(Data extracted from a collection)
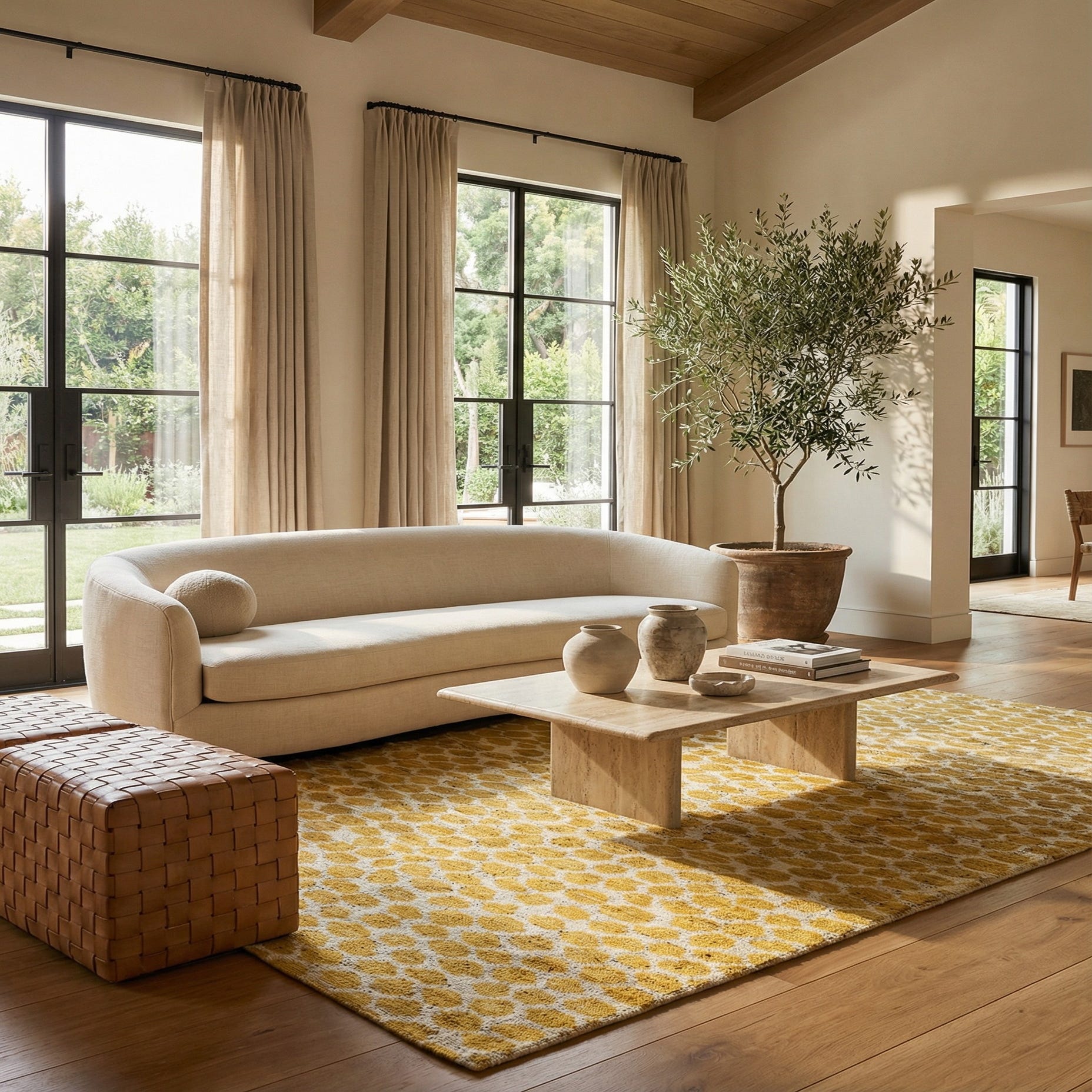 Primary color is Yellow. Colors in this rug include: Yellow, Ivory.
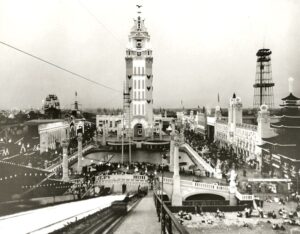 Tra la fine dell’Ottocento e l’inizio del Novecento nacquero i tre celebri parchi, Steeplechase Park, Luna Park e Dreamland – quest’ultimo un sogno durato soli 7 anni e completamente distrutto da un incendio nel 1911 – veri laboratori visionari dell’immaginario urbano. Qui l’elettricità, ancora una novità a quell’epoca, divenne spettacolo: migliaia di lampadine illuminavano le notti estive trasformando la spiaggia in un miraggio luminoso. Le montagne russe, le giostre, gli spettacoli circensi e le attrazioni meccaniche incarnavano la cieca fiducia nel progresso, ma anche una fascinazione per l’illusione e per la teatralità del mondo moderno. Luna Park, inaugurato nel 1903, con le sue torri, cupole e facciate orientaleggianti, rappresentava un’esperienza estetica totale, una città fantasmagorica costruita per stupire.
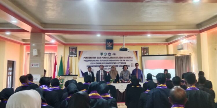 Pengukuhan dilakukan setelah puluhan guru tersebut berhasil menyelesaikan studi program pendidikan sarjana pendidikan guru dalam jabatan di Universitas Pattimura (Unpatti).
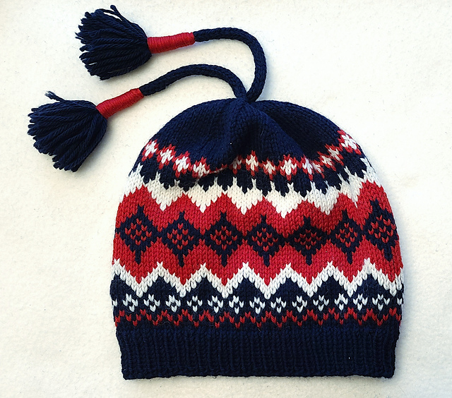I charted it to minimize the jog. It’s not perfect, but it’s pretty good. The pattern is free on Ravelry and is knit with three colors of Cascade 220 yarn. It basically has four size options. Please excuse the weird formatting of our recent posts. They changed the software and it is really hard to use and looks terrible!!
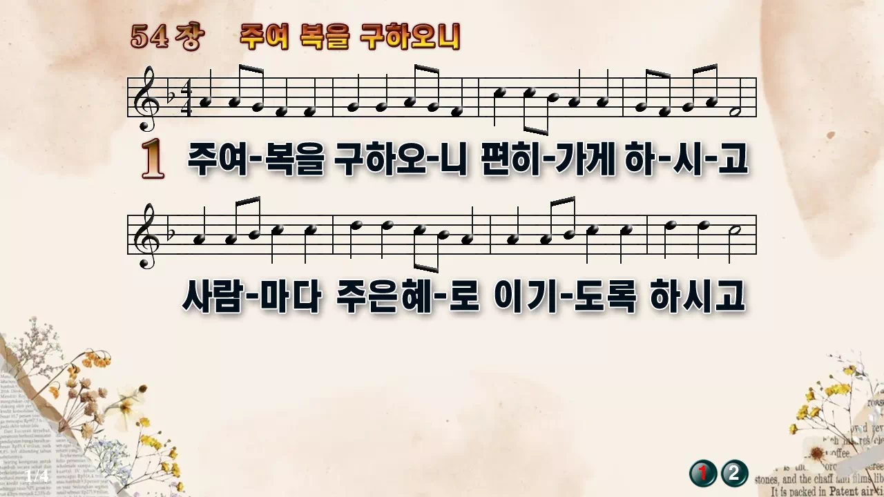 새찬송가 '54장 주여 복을 구하오니'의 16:9 와이드버전으로 편집된 새찬송가 PPT악보입니다.

### [What the exercise asks]
Repeat each line above exactly. The pictures stay out.

### [Reply]
 Primary color is Yellow. Colors in this rug include: Yellow, Ivory.
 Tra la fine dell’Ottocento e l’inizio del Novecento nacquero i tre celebri parchi, Steeplechase Park, Luna Park e Dreamland – quest’ultimo un sogno durato soli 7 anni e completamente distrutto da un incendio nel 1911 – veri laboratori visionari dell’immaginario urbano. Qui l’elettricità, ancora una novità a quell’epoca, divenne spettacolo: migliaia di lampadine illuminavano le notti estive trasformando la spiaggia in un miraggio luminoso. Le montagne russe, le giostre, gli spettacoli circensi e le attrazioni meccaniche incarnavano la cieca fiducia nel progresso, ma anche una fascinazione per l’illusione e per la teatralità del mondo moderno. Luna Park, inaugurato nel 1903, con le sue torri, cupole e facciate orientaleggianti, rappresentava un’esperienza estetica totale, una città fantasmagorica costruita per stupire.
 Pengukuhan dilakukan setelah puluhan guru tersebut berhasil menyelesaikan studi program pendidikan sarjana pendidikan guru dalam jabatan di Universitas Pattimura (Unpatti).
I charted it to minimize the jog. It’s not perfect, but it’s pretty good. The pattern is free on Ravelry and is knit with three colors of Cascade 220 yarn. It basically has four size options. Please excuse the weird formatting of our recent posts. They changed the software and it is really hard to use and looks terrible!!
 새찬송가 '54장 주여 복을 구하오니'의 16:9 와이드버전으로 편집된 새찬송가 PPT악보입니다.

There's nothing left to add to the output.